Evaluation based on scientific publishing: Citation metrics of journals

Citation metrics of journals

Impact Factor calculations are based on citation analysis and this is seen to be a more objective measure than expert evaluation. The evaluation of the quality of a journal on the basis of how many citations the articles that are published in that journal have had, is based on an assumption that the those articles that are often cited contain significant knowledge for their discipline; they are therefore highly influential. A journal's Impact Factor which is calculated on the basis of the citation statistics can only be calculated years after publication of the journal, because those citations only appear in articles which are published later. Journal specific Impact Factor indicators are always some sort of average of the Impact Factors of the articles published in them.

Presently there are many different types of indicators of impact, and they are calculated in different ways.
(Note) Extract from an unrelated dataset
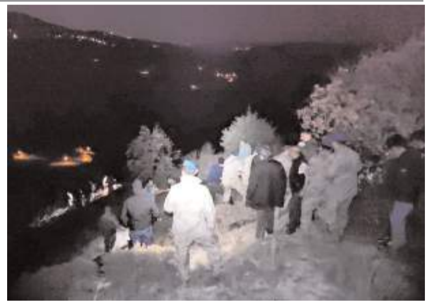
Ekipler, çelik halatlar yardımıyla kayalıklardan aşağı sarkarak yaralıya ulaştı.

İlk muayenede sol bacağının kırıldığı ve vücudunun çeşitli yerlerinden yaralandığı belirlenen Gökğöz, hastanede tedavi altına alındı.

These indicators can be split up in to two groups, based on how they measure impact. Indicators based on the number of citations like the Impact Factor (IF), measure the popularity, while indicators that include different weighting in the citation analysis can measure the prestige of the journal. All indicators are calculated from a specific group of journals, and the citations from those journals are counted; for example, journals that are part of the Thomson Reuters' database. This makes it difficult to compare different indicators; they differ from each other not only in the method of calculation, but also the calculations are based on journal and citation material from different databases. Some indicators are based on simple and easy to understand calculation formulas, but on the other hand you do meet more elaborate algorithms such the PageRank algorithm.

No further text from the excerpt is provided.